Da lunedì, quindi è iniziata una carrellata di passerelle di ministri e portaborse vari che verranno a raccontarci la solita solfa sul loro impegno costante e intransigente contro la criminalità organizzata e sugli arresti fatti in questo periodo – come se li avessero fatti loro – che si concluderà con l’arrivo in città, la seconda volta nel giro di pochi mesi, del Presidente della Repubblica Giorgio Napolitano.
Nel frattempo, però, lontano dai riflettori di quei mass media che chiamano a parlare di Rosarno gente che probabilmente non c’è mai stata (a partire dal programma sulla Rai di Santoro) e che deve fare propaganda televisiva, i reggini e i calabresi si stanno mobilitando davvero in ogni modo possibile e ovunque. A Roma, soprattutto i ragazz* di daSud hanno organizzato presentazioni di libri, realizzato speciali e dossier per l’archivio stopndrangheta.it e soprattutto sono andati a consegnare simbolicamente delle arance rosarnesi, sporche di sangue ai nostri poco amabili, e poco onorevoli, senatori. Nei loro blog, sui social network, nei loro posti di lavoro, nelle università, per strada sono sicuro che ogni reggino che si rispetti ha cercato, dal suo punto di vista, di spiegare e di far rendere conto ai propri amici, colleghi, lettori qual è la realtà concreta e chi bisogna additare tra i responsabili.

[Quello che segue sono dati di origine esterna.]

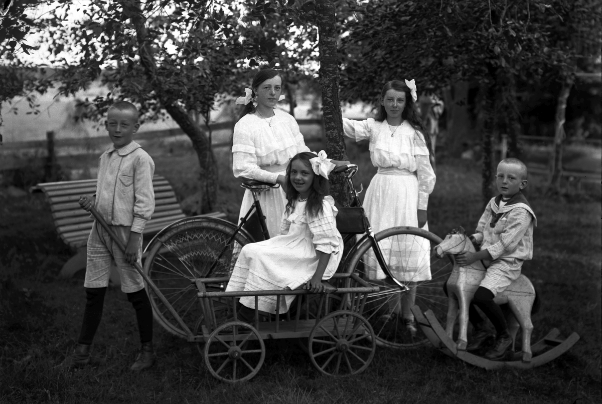 Fem barn vid en cykel, en av dem sitter i kärra, en pojke på gunghästen.

Ma la mobilitazione non va avanti solo con il passaparola. Infatti, oggi in Piazza Italia di fronte alla prefettura di Reggio Calabria, dalle 17.00 in poi, si terrà un sit-in antirazzista e anti-ndrangheta al quale, neanche a dirlo, sarebbe il caso di partecipare il più possibile come alla manifestazione di Rosarno. In contemporanea, si terranno sit-in simili anche a Roma e Castelvolturno.
Non so quanta gente parteciperà alle mobilitazioni che si stanno organizzando e con quale spirito lo farà. Le prime, quelle immediatamente successive alla bomba alla Procura di Reggio Calabria, hanno mostrato la cruda realtà della nostra terra, ovvero che non gliene frega niente a quasi nessuno.
Ma non venite a dire che noi calabresin siamo tutti uguali, qualcuno che si vuole opporre e cambiare le cose c’è davvero!
Alessio Neri






[...] via-vai di politici e politicanti che mi ha letteralmente stufato. Come ricorda bene l’amico Alessio Neri su LiberaReggio.org, anche in Calabria siamo in campagna elettorale per le regionali, lo si capisce dai ministri che ci [...]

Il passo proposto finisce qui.